Although coffee and tea are consumed throughout Yemen, coffee is the preferred drink in Sanaa, whereas black tea is the beverage of choice in Aden and Hadhramaut. Tea is consumed along with breakfast, after lunch (occasionally with sweets and pastries), and along with dinner. Popular flavorings include cloves with cardamom and mint. A drink made from coffee husks, called qishr, is also enjoyed.
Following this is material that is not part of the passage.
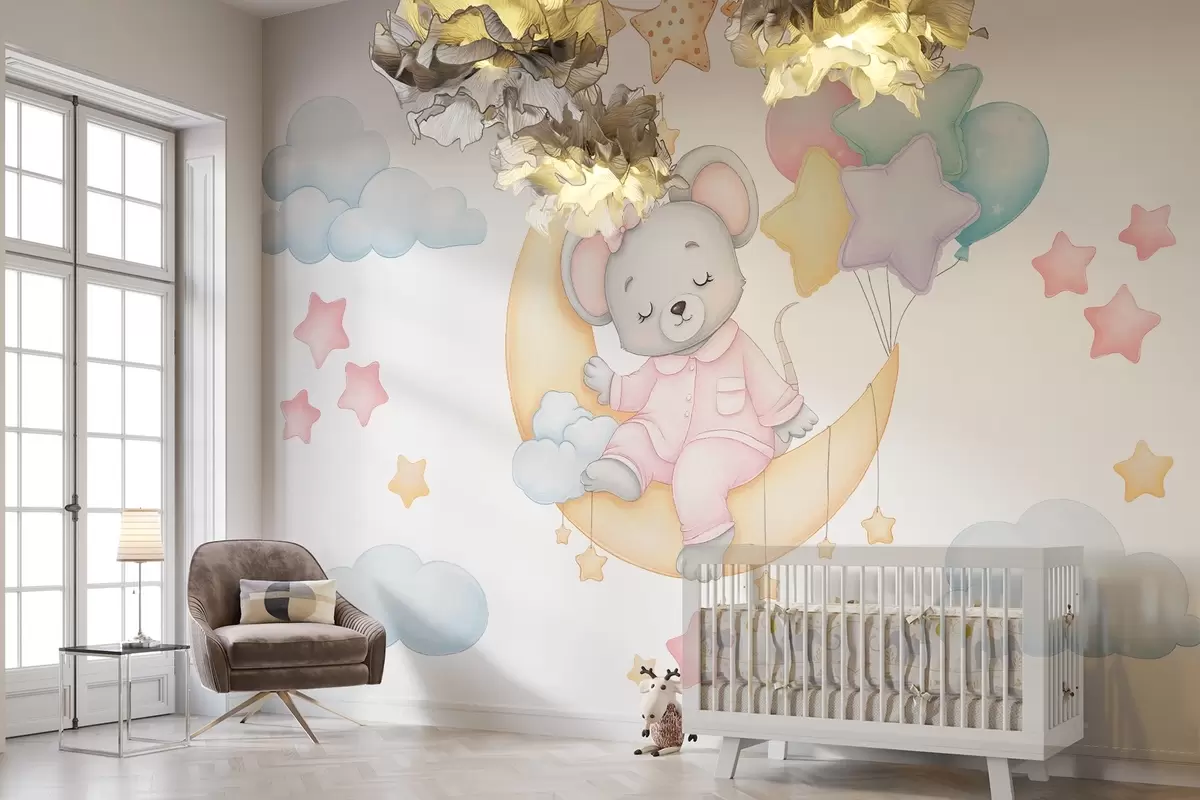 Fototapety Rozkošná ilustrace spící myšky na Měsíci, obklopené hvězdami, mraky a balónky Č. w03380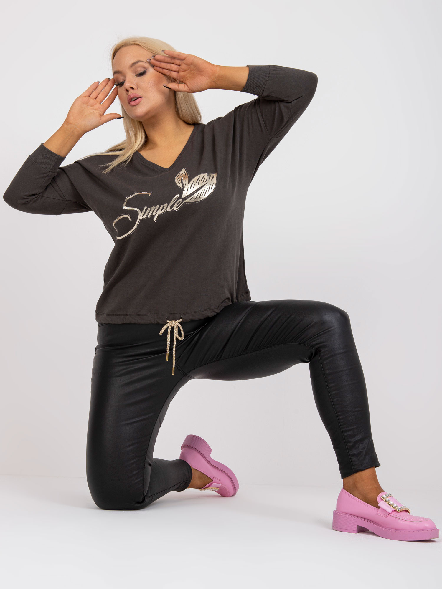 Wymiary bluzki w rozmiarze one size mierzone na płasko: szerokość pod pachami – 63 cm, długość całkowita – 61 cm, długość rękawa – 46 cm.

Alcoholic beverages are considered improper due to cultural and religious reasons.

== Internationally ==

=== United States ===

In the United States, Yemeni coffeehouses became a trend in the 2010s and 2020s, offering foods like Adeni tea or Khaliat nahl. As of 2026, 6 major Yemeni coffee chains were running 136 Yemeni-style cafes in the US, a number 50% higher than the previous year. Most such cafes were in the vicinity of areas with large Arab American populations, like Dearborn, Michigan. In 2025, Bon Appétit reported 30 distinct Yemeni-owned cafe brands in the US. Those shops have been attributed to Yemeni Americans, of whom there were 91,300 in 2020.